A rescue plane has to drop supplies to a group of castaways who are stranded on a deserted island. The plane is flying as 150 m/s at a level altitude of 1200 m. How far ahead of the landing zone should the plane release the supplies?
I'm not even sure how to start this one. Could someone maybe tell me which step(s) I need to take?

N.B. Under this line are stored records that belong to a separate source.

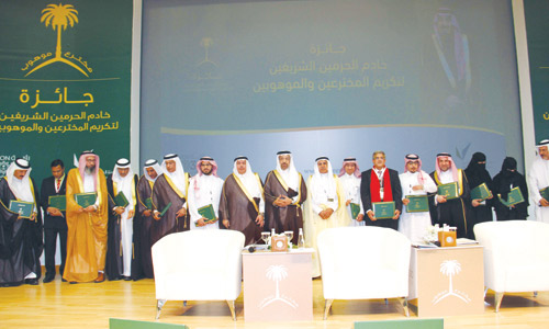بدوره أوضح أمين عام الجائزة الدكتور عبدالرحمن بن إبراهيم العبد العالي، في كلمته أن استحداث جائزة خادم الحرمين الشريفين لتكريم المخترعين والموهوبين جاء إيماناً وتأكيداً من القيادة الرشيدة على أهمية إبراز المواهب والقدرات وتكريمها تقديراً لإنجازاتهم وتنمية روح الإبداع والابتكار لدى أفراد المجتمع، مبيناً أن الأمانة العامة للجائزة تسلمت من خلال الرابعة 159 طلباً بفئة المخترعين، و253 طلباً بفئة الموهوبين لجميع الفئات العمرية، اعتمد منها بعد استكمال الفحص والتصنيف والتحكيم أربع براءات اختراع بمشاركة ستة عشر مخترعاً لفئة المخترعين، وثلاث فائزات للفئة العمرية (وما دون 18 عاماً) وفائزتين للفئة العمرية (وما بين 18 - 25 عاماً) وفائزاً واحداً للفئة العمرية (ما فوق 25 عاماً) لفئة الموهوبين، مهنئاً الفائزين والفائزات من مخترعين وموهوبين.
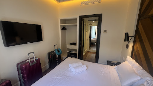 My room was on the smaller side, but totally functional and thoughtfully designed. It included a proper space to store clothesâwhich isnât always a given in boutique hotelsâand the high ceilings made it feel more spacious. Everything was spotless. The bathroom layout was a bit quirky (the shower opened right into the hallway), but it wasnât a big deal and everything worked well.
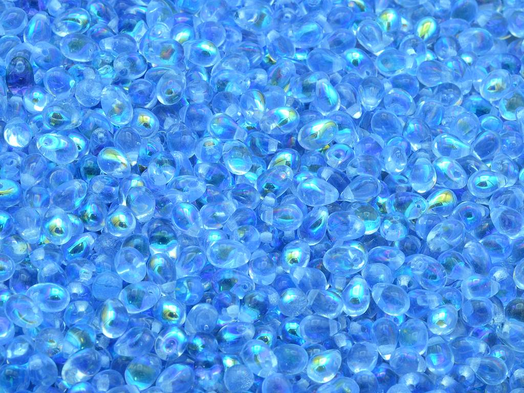 ドロップビーズ、透明ブルーAb(30010-28701)、ガラス、チェコ共和国
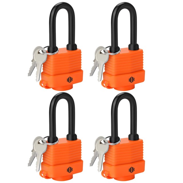 FREE SHIPHOX 4-Pack Weather Resistant Padlocks – 40mm Laminated Steel, 4 Pack, Orange
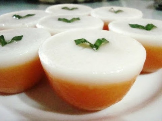 4. Tuang satu lapis adonan cokelat ke dalam cetakan mangkok kue talam, kukus selama 10 menit. Tuang adonan adonan putih di atasnya, kukus lagi selama 10 menit. Angkat, keluarkan kue talam dari cetakan, sajikan.
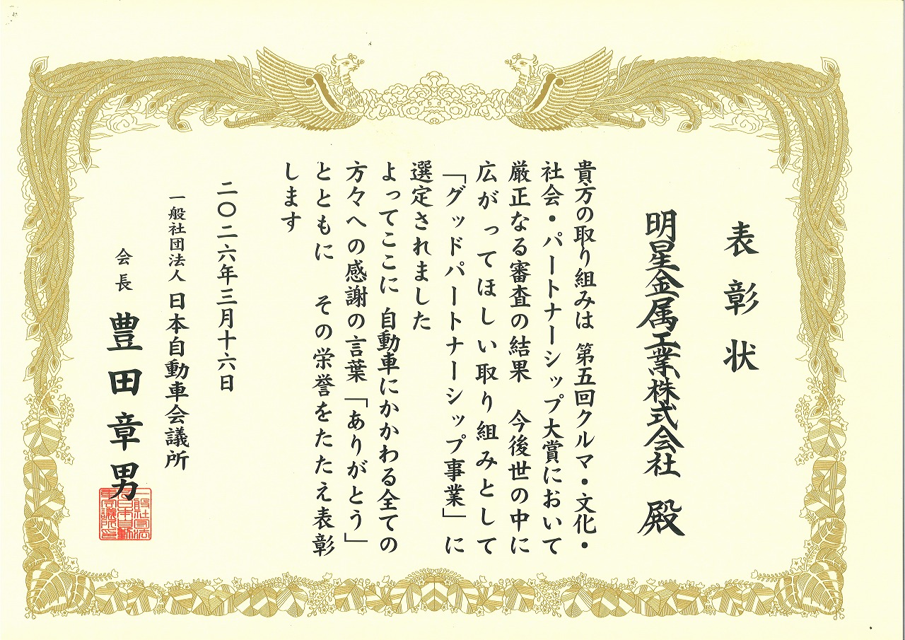 2026年3月17日 / 最終更新日時 : 2026年3月18日 MeiseiSU ニュース 3/16 第5回クルマ・文化・社会・パートナーシップ大賞「グッドパートナーシップ事業」を受賞しました 3/16 一般社団法人「日本自動車会議所」様より明星金属工業の様々な取り組みに対して『第5回クルマ・文化・社会・パートナーシップ大賞「グッドパートナーシップ事業」』を受賞しました。 共有: X で共有 (新しいウィンドウで開きます) X Facebook で共有 (新しいウィンドウで開きます) Facebook いいね:いいね 読み込み中… 関連
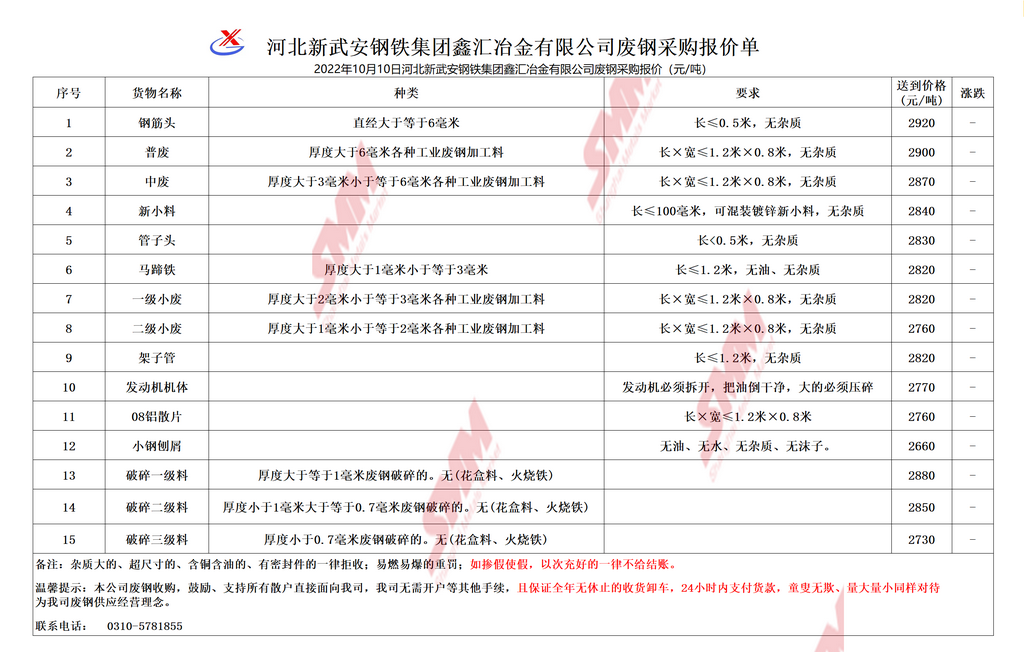 10月10日河北鑫汇冶金 废钢采购报价
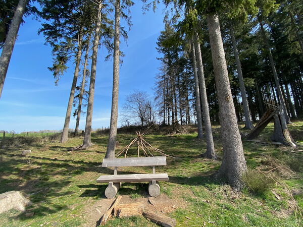 Wir laufen ein Stück entlang der Talstraße durch den Ort und wandern am namensgebenden kleinen Bach vorbei wieder in den Wald hinein. So langsam wird es Zeit für ein kleines Mittagspäuschen. Einen geeigneten Platz zu finden fällt nicht schwer, denn gefühlt alle 500 m läuft man an neu aufgestellten Wanderbänken vorbei.
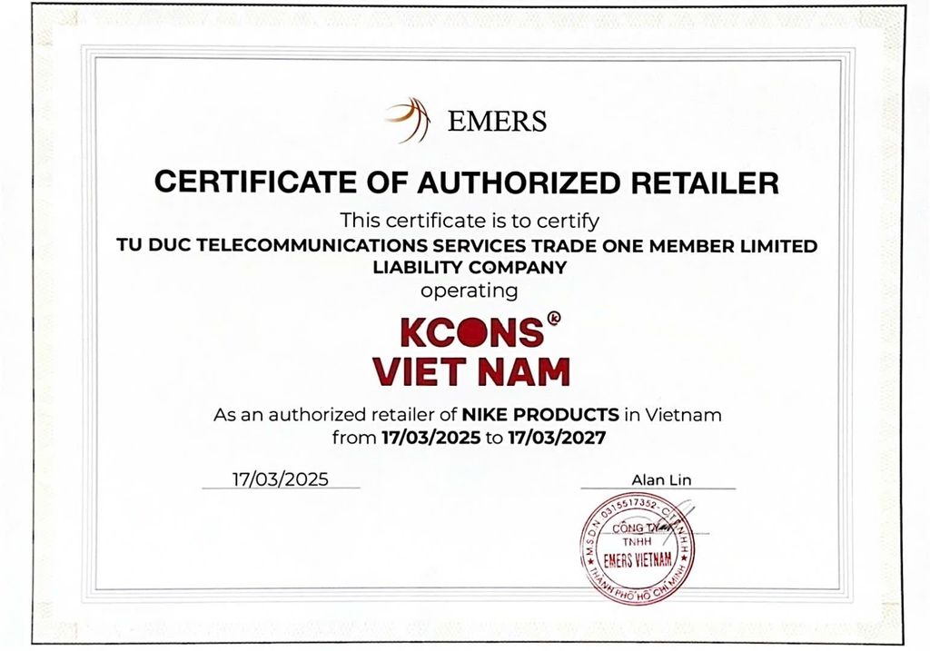 TU DUC TELECOMMUNICATIONS SERVICES TRADE ONE MEMBER LIMITED LIABILITY COMPANY, operating under the brand KCONS VIET NAM, is officially recognized as an Authorized Retailer of Nike Products in Vietnam.
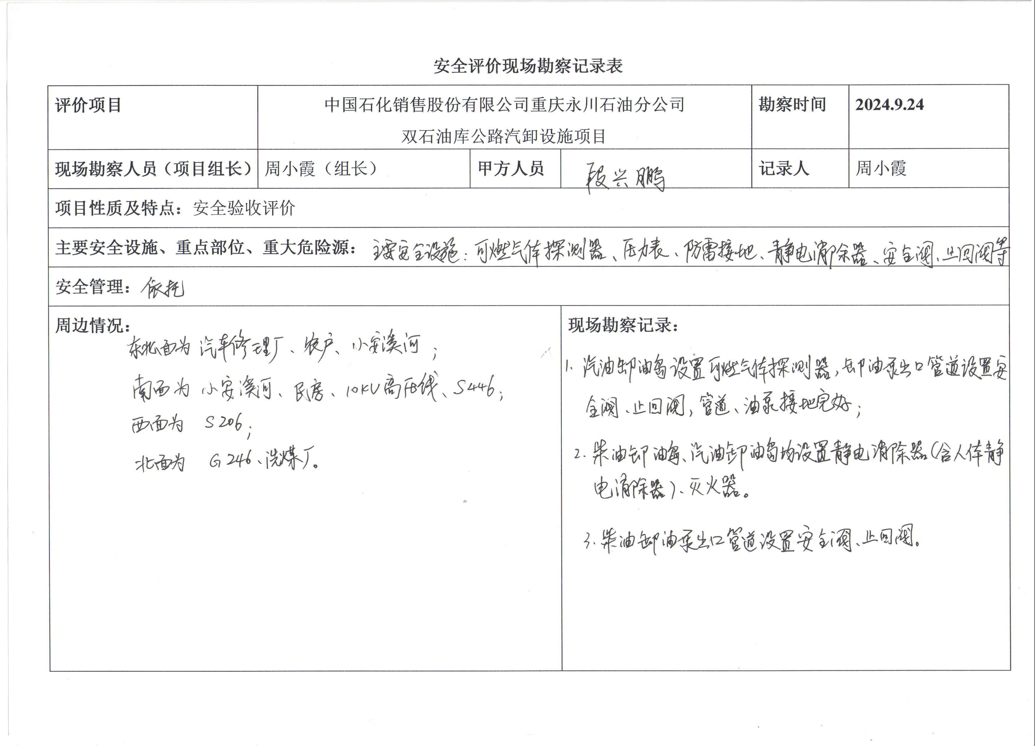 現(xiàn)場勘查情況 | 公路汽卸設(shè)施(柴油卸油島、汽油卸油島)安全設(shè)施和安全管理符合安全生產(chǎn)條件。 | |||||||
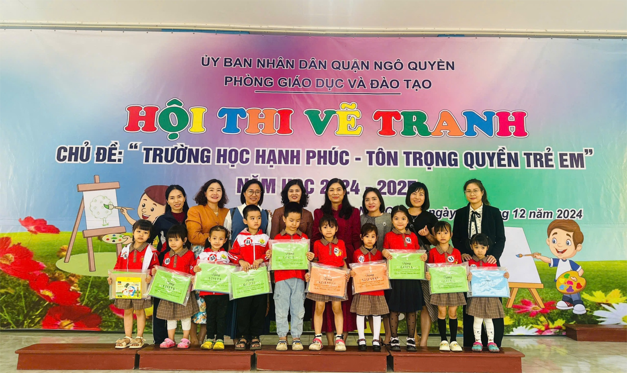 Trong cuộc thi vẽ tranh cấp quận với Chủ đề “Trường học hạnh phúc - tôn trọng quyền trẻ em”. Trường mầm non Đồng Tâm có 10 cháu tham gia dự thi và đạt các giải thưởng như sau:
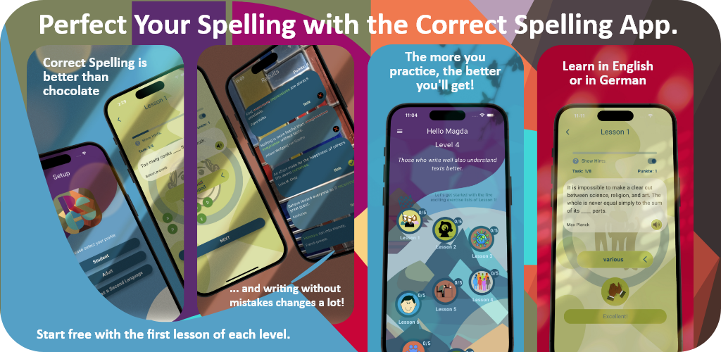Our app helps you improve your spelling in either German or English. Learn in a fun way and try it for free. Suitable for students (grades 3-13), adults, people with German or English as a second language, and senior citizens.
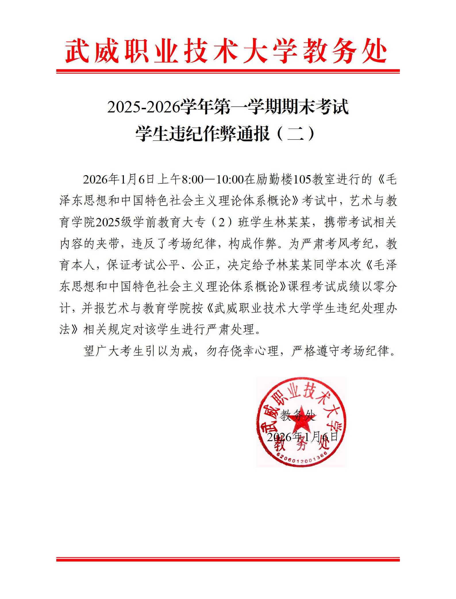 2025-2026學年第一學期期末考試學生違紀作弊通報(二)

Compute the time T required for the package to reach the ground, using
(1/2) gT^2 = H (altitude)
T = sqrt (2H/g)
Then use the horizontal equation of motion to get the distance d ahead of the target to release the sup-plies
d = V T = V sqrt (2H/g)
Thanks, I got it now. :)
To determine how far ahead of the landing zone the plane should release the supplies, you need to calculate the horizontal distance traveled by the plane during the time it takes for the supplies to reach the ground. Here are the steps you can follow to solve this problem:
1. Start by finding the time it takes for the supplies to fall to the ground. To do this, you can use the equation of motion for vertical motion:
h = (1/2) * g * t^2
Where:
- h is the initial vertical height (1200 m)
- g is the acceleration due to gravity (approximately 9.8 m/s^2)
- t is the time it takes for the supplies to fall
Rearranging the equation to solve for time, t:
t = sqrt((2h) / g)
2. Substitute the given values into the equation to calculate the time:
t = sqrt((2 * 1200 m) / (9.8 m/s^2))
3. Calculate the time, t.
4. Now, you can calculate the horizontal distance traveled by the plane during this time. Since the plane is flying at a constant horizontal speed of 150 m/s:
Distance = Time * Horizontal speed
Distance = t * 150 m/s
5. Plug in the calculated value of time, t, into the equation to find the horizontal distance traveled by the plane.
By following these steps, you will be able to determine how far ahead of the landing zone the plane should release the supplies.